Far northeastern Italy features some of the peninsula’s most spectacular scenery and most complex history. Yet it’s often a second thought for visitors, except for Venice and maybe Verona for Shakespeare fans and the Dolomites for skiers. Sadly, the same can be said for most of its wines. Here is my humble effort to correct that.

Northeast of Verona, the Alto Adige (also known as Südtirol — South Tyrol — because of historical Austrian and Germanic influences) is situated south of the Alps (bordering Switzerland and Austria). Distinguished for its high-altitude vineyards, the region is noteworthy mostly for distinctive white wines with bracing acidity and substantive character, but also for red wines of considerable interest. And don’t be surprised if you can detect that illusive quality of “minerality” that wine aficionados seek.

Many of those wines are German varieties, such as a bright, lively, floral, nutty, lightly spicy Müller-Thurgau (2016 Cantina Bolzano “Eisacktaler”, $20); a crisp, fruity, spicy Kerner (2017 Kurtatsch, $17); and a full-bodied, herbaceous, invigorating Sylvaner (2017 Abbazia di Novacella, $20).

Others are French varieties: amazingly refreshing and multifaceted pinot grigio unlike anything produced in America (2015 Pacherhof, $31), and delightfully honeyed, lively, rich pinot bianco (2015 St. Michael-Eppan “Schulthauser”, $21).

And there are several native varieties: wonderful lychee, apricot and spice of Gewürztraminer (2016 Cantina Terlano Estate Bottled, $27); floral, spicy and firm intensity of Moscato Giallo (2017 Alois Lageder “Vogelmaier”, $25); intense dark fruit, earthy pepper and firm tannins of Lagrein (2015 Cantina Bolzano Riserva “Taber”, $50); and the softly fruity and lively delicacy of Schiava — Vernatsch in German (2017 Castelfeder Alte Reben, $17).

Friuli-Venzia Giulia is Italy’s farthest northeast wine-producing region, bordered by Austria, Slovenia and the Adriatic.
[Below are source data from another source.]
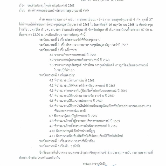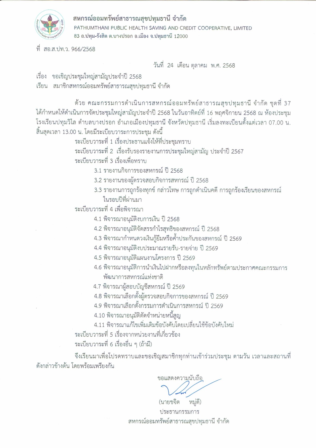 เรียนเชิญประชุมใหญ่สามัญประจำปี 2568 ในวันอาทิตย์ที่ 16 พฤศจิกายน 2568 ณ ห้องประชุม โรงเรียนปทุมวิไล
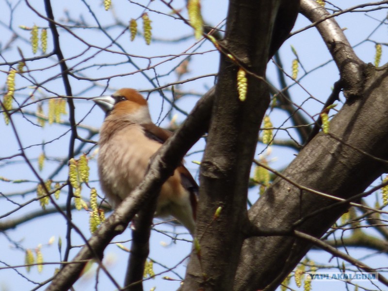 Что у нас есть: синица, воробей, скворец, зяблик, вяхирь, грач, галка, дрозд, рябинник, поползень, горихвостка, стриж, пустельга. Прошлой зимой первый раз за 40 лет жидел в городе снегиря.
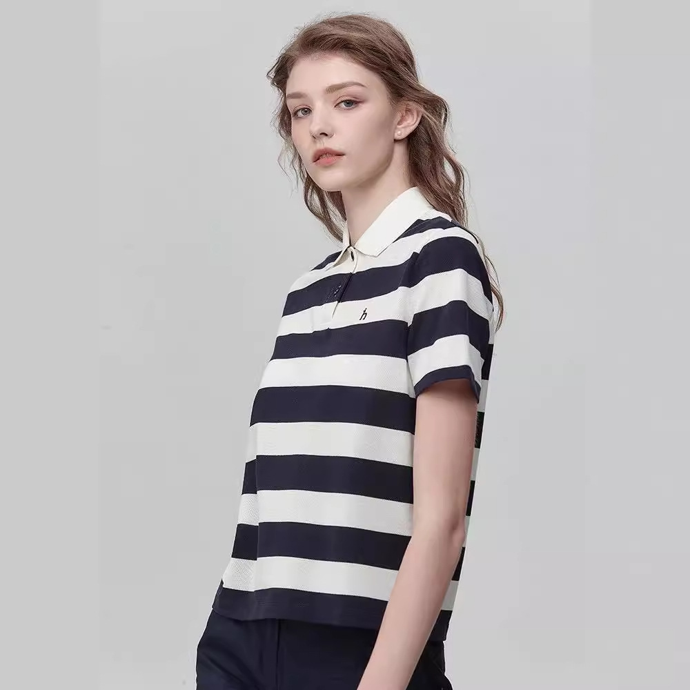 Hazzys/Haggis ladies summer new casual wide striped polo shirt short sleeve T-shirt a generation of hair
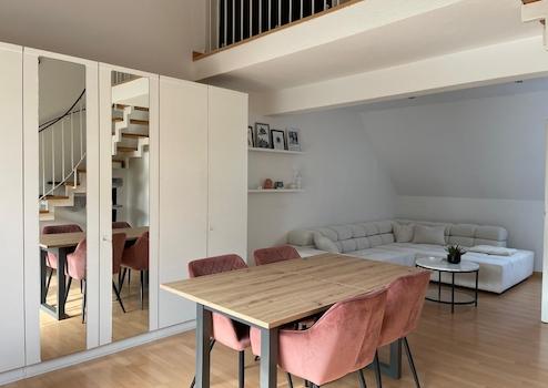 Diese lichtdurchflutete 1-Zimmer Maisonette-Wohnung befindet sich im Dachgeschoss eines ansprechenden Wohn- und Geschäftshauses in angenehmer und guter Lage von Gütersloh, in der Nähe des Zentrums, des Finanzamts und des Stadtparks. Die Wohnung wurde komplett renoviert - neue 3-fach verglaste Fenster, neues Badezimmer mit Fußbodenheizung, moderne Küche mit Einbaugeräten, neue Fußböden, neuer Balkonbelag, elektrische Rollläden. Außerdem sorgen Einbaustrahler für eine gemütliche Atmosphäre.
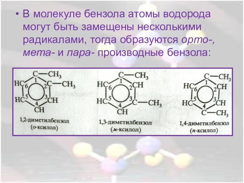 В молекуле бензола атомы водорода могут быть замещены несколькими радикалами, тогда образуются орто-, мета- и пара- производные

Many empires have claimed the area over the millennia, most notably the Republic of Venice for nearly 1,100 years from the seventh through the 18th centuries. Still, the area’s culture arguably has more in common with Austria and Slovenia than the rest of Italy.

Similar to the Alto-Adige, it has good wines from familiar grapes such as chardonnay and merlot. There also is a cornucopia of impressive regional varieties. The white wines are especially fine — somewhat higher alcohol and higher acidity, making for exquisite balance.

Located about 11/2 hours east of Venice in the important Collio subregion, the Marco Felluga winery is one of Friuli’s foremost representatives. Here, the watchword is balance — between tradition and innovation — as the winery was founded in the 1950s on a property dating back to the 1300s, while the Felluga family’s winemaking history back to the 1800s.

The 2016 Pinot Grigio “Mongris” ($18) fills the mouth with peach, melon and stone fruit accented with basil and ginger. The 2015 Bianco “Molamatta” ($26) is a fascinating blend of friulano, pinot bianco and ribolla gialla showing zippy apple, apricot, pineapple and lemon with fine weight and structure.

Another historical property, dating to the 13th century, Russiz Superiore was acquired by the Felluga family in 1967. Notable for estate vineyards surrounding the winery, the 2016 Cabernet Franc ($29) impresses with black fruits, herbs, smoky spice and soft tannin.

The 2018 Sauvignon ($29) is inspiring for its crisp lemon, peach and melon. Packed with flavor, it still drinks with finesse.